What happened to Dialidol this week? I confess I don’t know. When, last year, they kept predicting Scotty McCreery to sail through, I was incredulous. Sure enough, that proved prescient, as McCreery was a bulletproof contestant, advancing despite bad singing scores, and eventually claiming the title. So, you disregard Dialidol at your own peril. Except this time! I have no idea why Eben and Chase were so favored in the Dialidol sample. The service does more than just measure the busy signal, and actually measures votes from users, and maybe those users are disproportionately … what?! I can’t imagine.

As for Heejun Han, the evidence for his advancement to the finals is simply not there in the numbers. No number except pre-exposure indicated he would get through, and that alone is not usually enough. Indeed, Reed Grimm had a very large pre-exposure time, a nearly identical WNTS rating, and a larger Dialidol ranking, and was not in the Top 5 men. Go figure.

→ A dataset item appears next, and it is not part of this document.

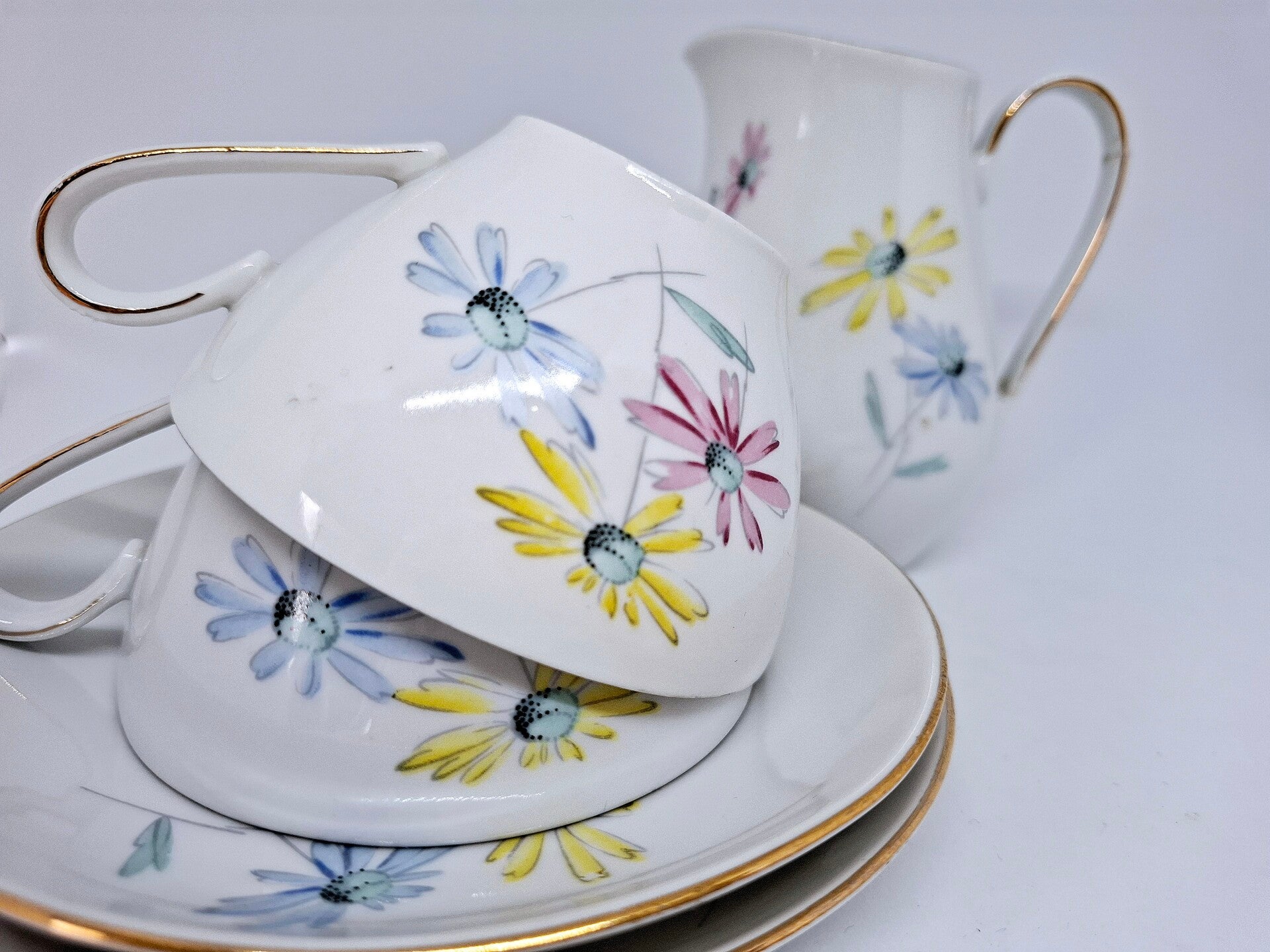 Twee kop-en-schotels van porselein en bijbehorend roomkannetje van Kahla DDR, jaren '60 .Deze kop en schotels en het kannetje, decor 'Daisy's pink, yelow en blue, zijn in een uitstekende staat zonder chips of barsten. Het kannetje is ooit gerepareerd zoals te zien is op de foto's. Dit kannetje is daarom gratis bij aankoop van de vintage kop-en-schotels van Kahla.
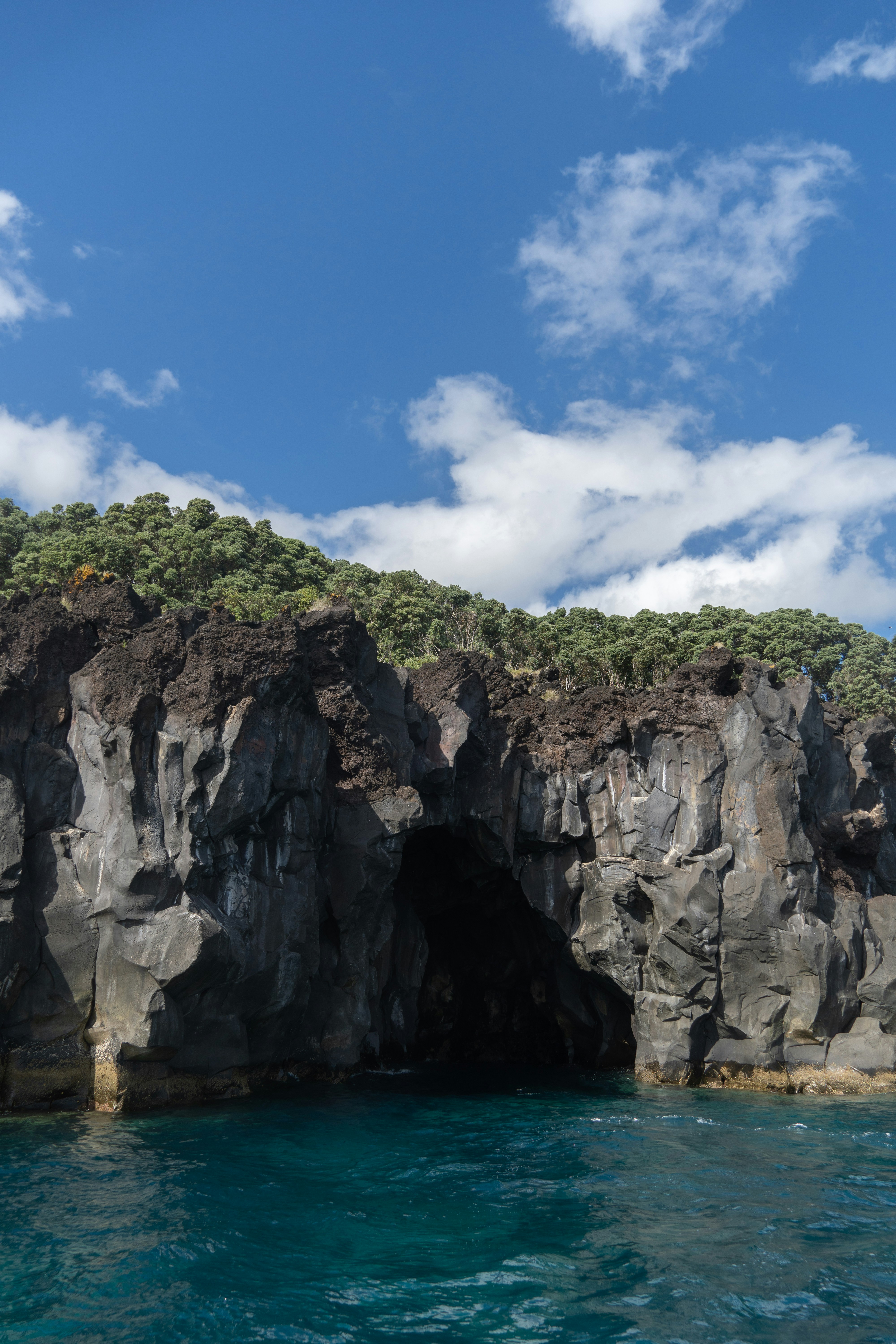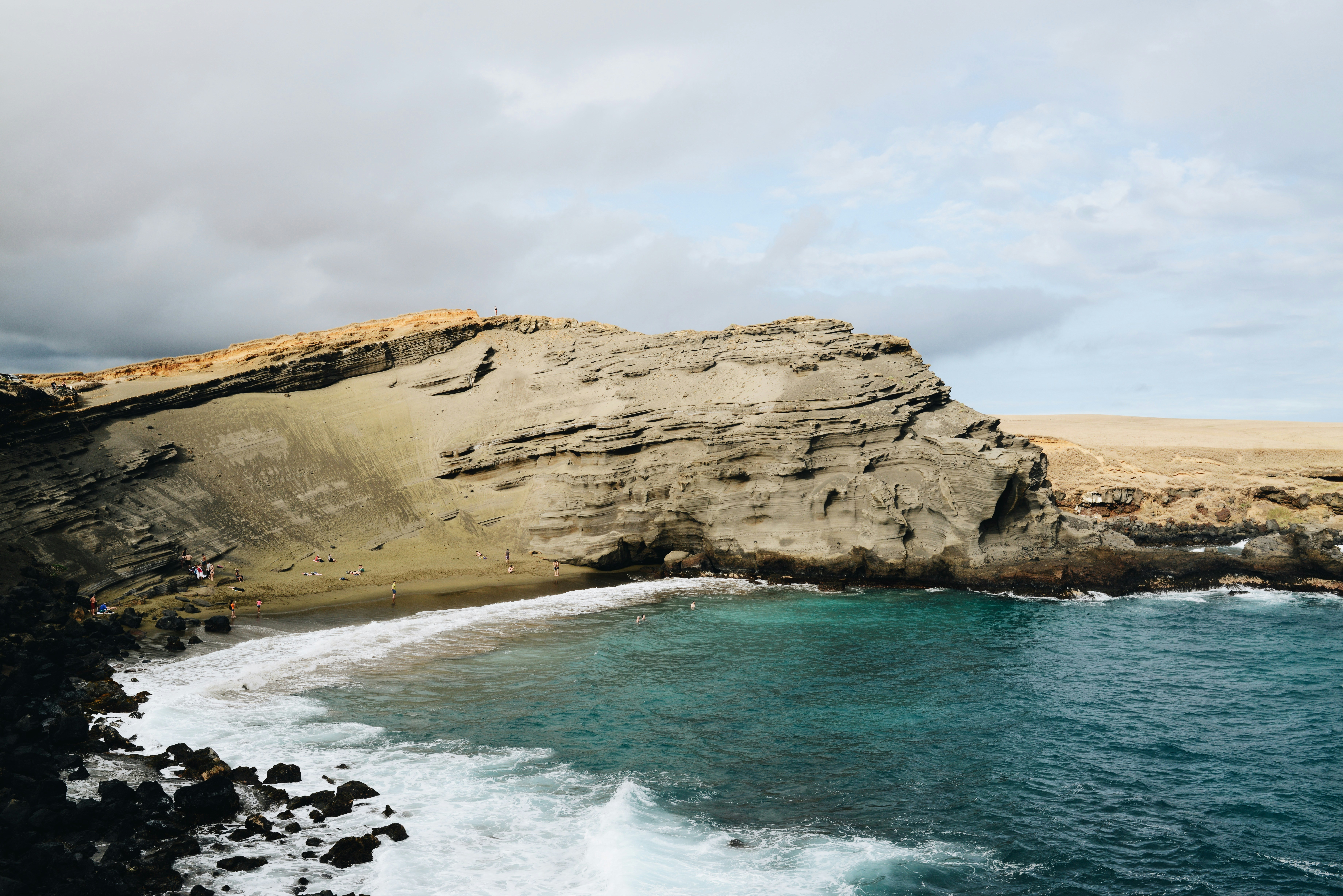 a rocky cliff overlooks a body of water

Giving credit where it’s due, the keeper of the Vote For the Worst Twitter feed correctly predicted all 10 of the vote winners. The power of a person going “on feeling” is in some cases very accurate, and this shouldn’t be shocking. If you had asked me whether I agreed that Eben or Chase would advance, I would have answered no. But I’m interested in predictability on a technical level, so I’m not going to juke the results until they match my gut. What would be the intellectual exercise in that?